━━━ EXERCISE DATA

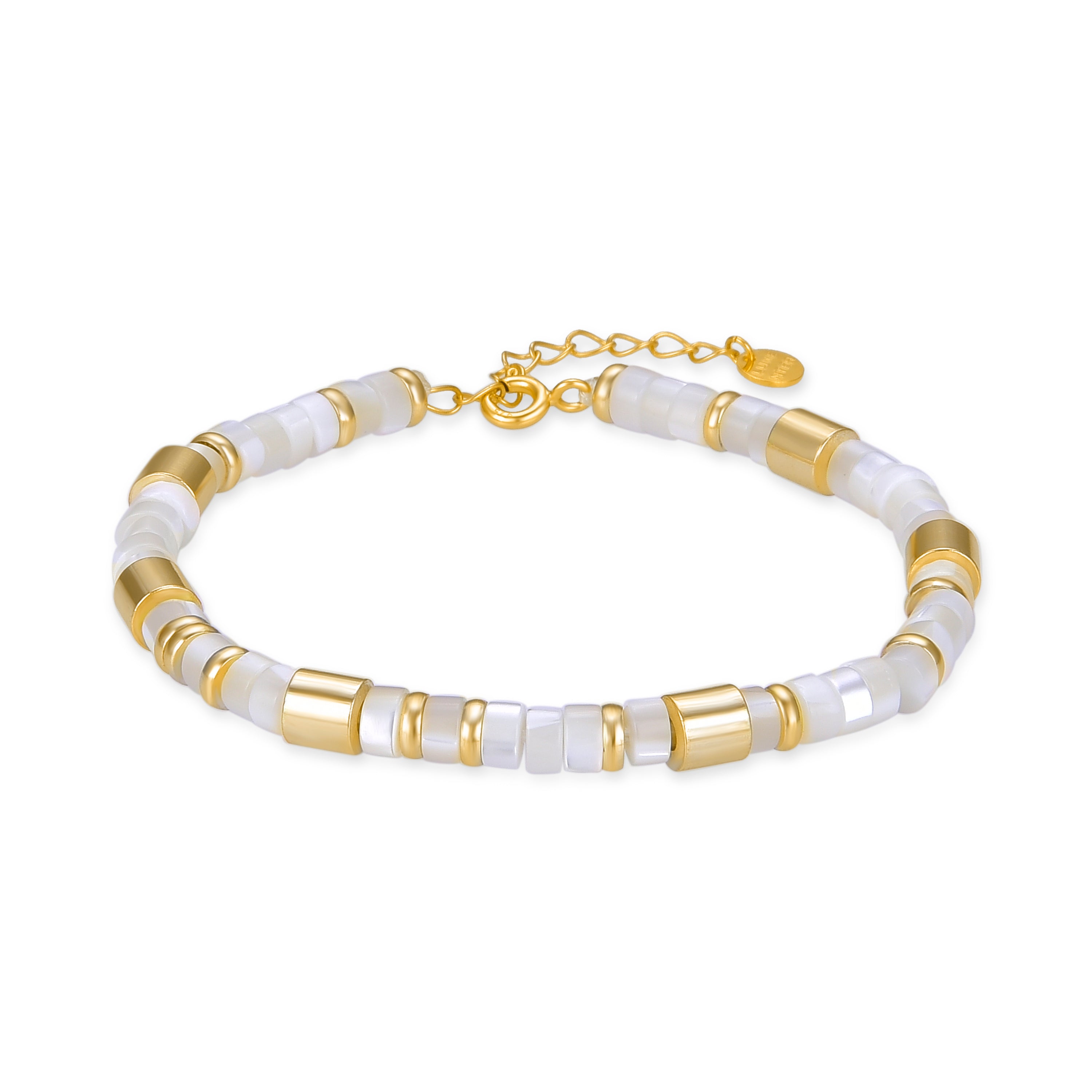 Pulsera de Plata de Ley 925 con Madreperla Blanca acabada en oro amarillo 18K - Wicoy
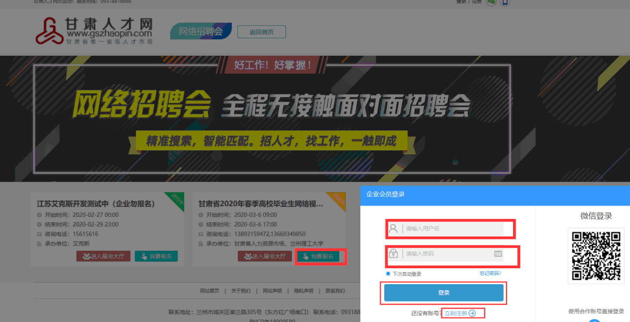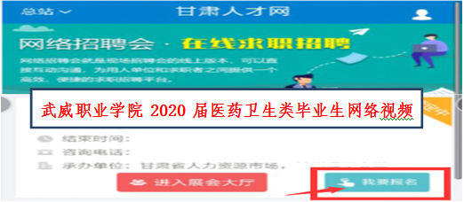 1.登錄甘肅人才網(wǎng)(www.gszhaopin.com),點擊菜單欄“招聘會”—“網(wǎng)絡(luò)招聘會”進入二級頁面菜單,進入網(wǎng)絡(luò)招聘會列表—選擇“武威職業(yè)學院2020屆醫(yī)藥衛(wèi)生類畢業(yè)生網(wǎng)絡(luò)視頻雙選會”點擊“我要報名”按鈕,登錄企業(yè)后臺(無賬號點擊“立即注冊”,資質(zhì)通過審核后再報名),待定審核。
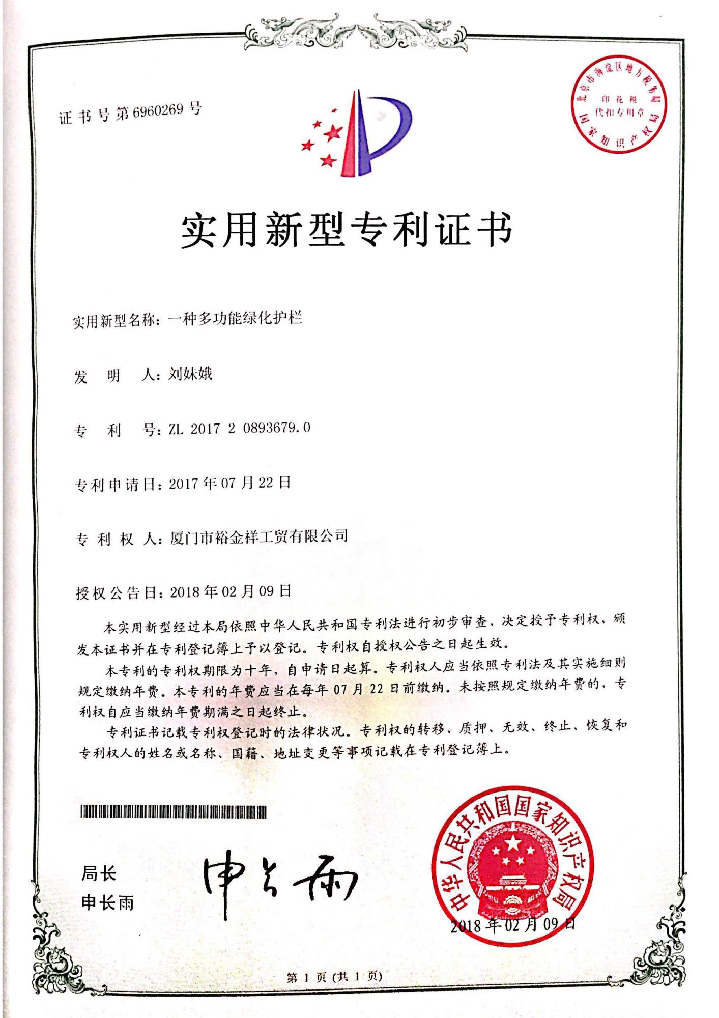 專利證書-多功能綠化護欄

━━━━━━

EXERCISE DETAILS
Apart from the pictures, repeat the data above exactly.

RESULT
 Pulsera de Plata de Ley 925 con Madreperla Blanca acabada en oro amarillo 18K - Wicoy
 1.登錄甘肅人才網(wǎng)(www.gszhaopin.com),點擊菜單欄“招聘會”—“網(wǎng)絡(luò)招聘會”進入二級頁面菜單,進入網(wǎng)絡(luò)招聘會列表—選擇“武威職業(yè)學院2020屆醫(yī)藥衛(wèi)生類畢業(yè)生網(wǎng)絡(luò)視頻雙選會”點擊“我要報名”按鈕,登錄企業(yè)后臺(無賬號點擊“立即注冊”,資質(zhì)通過審核后再報名),待定審核。
 專利證書-多功能綠化護欄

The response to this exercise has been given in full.